São tantas as solicitações, via internet e nas ruas, que este site resolveu emitir breve opinião sobre o fracasso do Brasil no Mundial. Que é diferente da maioria esmagadora daquelas que leu e ouviu desde a derrota de 2 a 1 para a Bélgica.

Na realidade, é absolutamente radical, levando-se em conta a expectativa que as atuações convincentes e os resultados efetivos que o time teve desde que Tite assumiu como técnico, em junho de 2016.

E a intransigência no julgamento está ligada a uma posição igualmente inflexível, que é necessária adotar quando a torcida é por um gigante do futebol, seja clube ou seleção. O que se quer dizer é que o Brasil deve disputar Copa com o objetivo invariável de conquistar o título. Assim, qualquer outra posição é descartável, justificada pela não só pela tradição vitoriosa de nove décadas, mas também, como ocorreu em 2018, pela previsão antecipada de sucesso, criada pela trajetória eficiente dos últimos dois anos.

Não se pretende aqui discutir os erros acumulados ao longo do torneio, pois todas as vezes que se perde há uma busca incessante por culpados, nem tentar condená-los definitivamente às chamas do inferno. O que se pretende nestas linhas é afirmar que os equívocos ficaram evidentes na hora da verdade, e que o conjunto da obra levou o Brasil a uma campanha absolutamente decepcionante, na qual os pontos que tidos como frágeis confirmaram a incapacidade, e pior, os principais trunfos falharam de forma bisonha.

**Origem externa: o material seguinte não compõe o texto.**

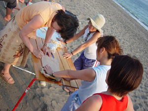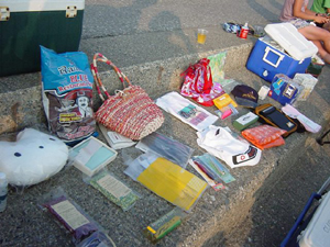 ![]() 下船後は近所のビーチでサウズエンドえんちゃんのご好意でバーベQ大会。写真は持ちよられた景品の数々 Tシャツ、植物、コメ、謎のくいもの、など |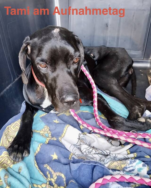 Mitte Oktober durfte Tami auf eine erfahrene Pflegestelle nach Nordhessen ausreisen. Dort lebt sie in einem gemischten Jagdhunderudel und wird behutsam weiter auf ihrem Weg begleitet.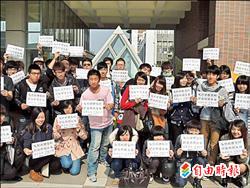 弘光科大昨舉辦「反對媒體壟斷」快閃活動,參與學生高舉字牌,捍衛新聞自由。 |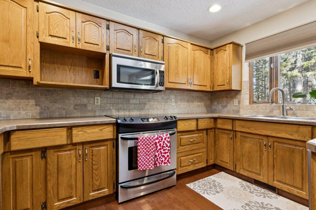 Spacious, updated family home on quiet cul-de-sac in desirable Redwood Meadows. The bathrooms, carpet, hardwood, lighting and paint were updated in 2010, and a new furnace in 2025. There is a large primary bedroom with modern five piece ensuite, featuring a custom shower with rain-head and massage jets, and a heated floor. There are two other bedrooms and a renovated bathroom upstairs. Main level has lofted ceiling, skylights and hardwood throughout. Large kitchen features stainless steel appliances, new backsplash and lots of counter space. The cozy family room has a stone-faced wood burning fireplace, and there is also a home office and full bath on this level. The basement is partially finished with a comfortable flex room and lots of storage space. The large, private backyard has a wonderful brick firepit for enjoying summer evenings, and also is very close to the berm trail, river, and lots of walking and biking paths. The roof has been finished with long life concrete tiles. This home has never been affected by flooding! Redwood Meadows is a popular and friendly community only a 20 minute drive to Calgary and a 15 minute drive to Cochrane, and only five minutes to the popular hamlet of Bragg Creek, with restaurants and shopping. World famous Kananaskis Country is also close by, with all of its recreational opportunities. Check out the 3-D tour and book your appointment today!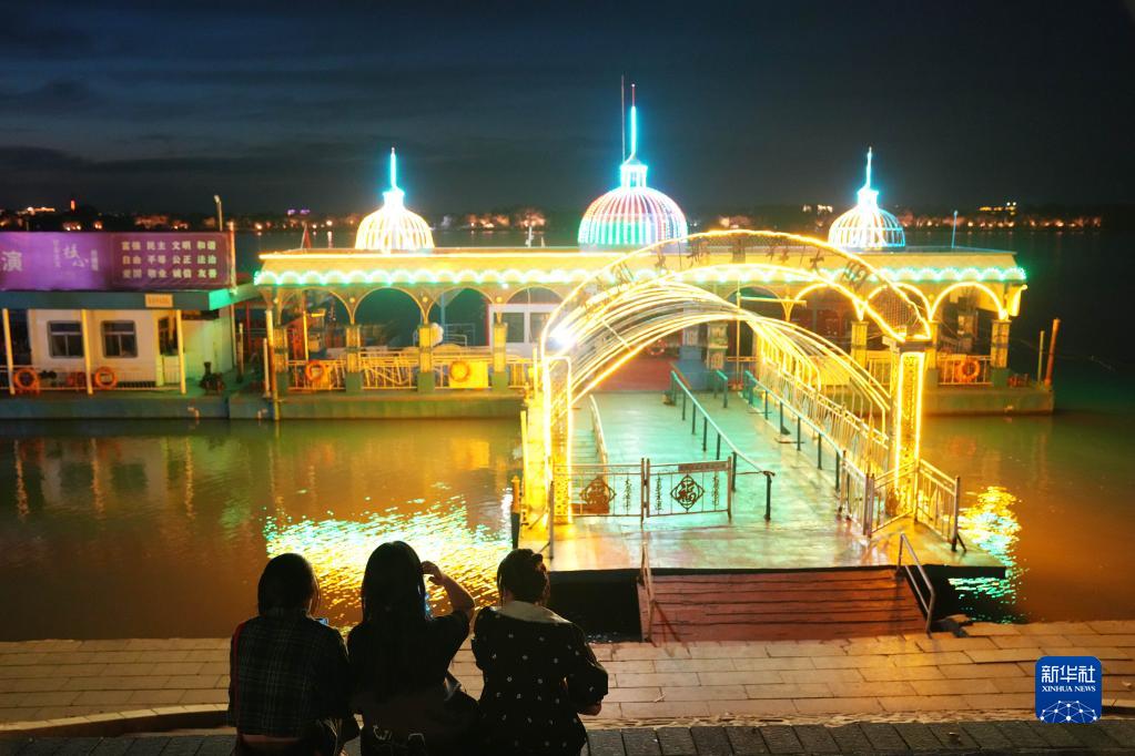 中秋假日,冰城哈爾濱市的松花江畔夜色迷人,吸引市民前來(lái)賞景游玩。

Logo, repetir que o trabalho foi ótimo, e que a seleção está no caminho certo, como este site tem lido e ouvido, seria de fato uma insensatez, pois é fato consumado que na prática deu tudo errado. E se foi assim, serão necessárias muitas mudanças, fora e dentro do campo, caso contrário, novas frustrações virão.

Este que vos escreve alimentou não apenas as suas, mas as esperanças de muitos, com base no que viu a partir de 2016, e agora sente na pele a culpa por fazê-lo. Pois é. Como diz o samba-canção de Billy Blanco, mais alto é o coqueiro, maior é o tombo do coco. Triste e insuportável. No mais, e sem alternativa, até o Catar-2022.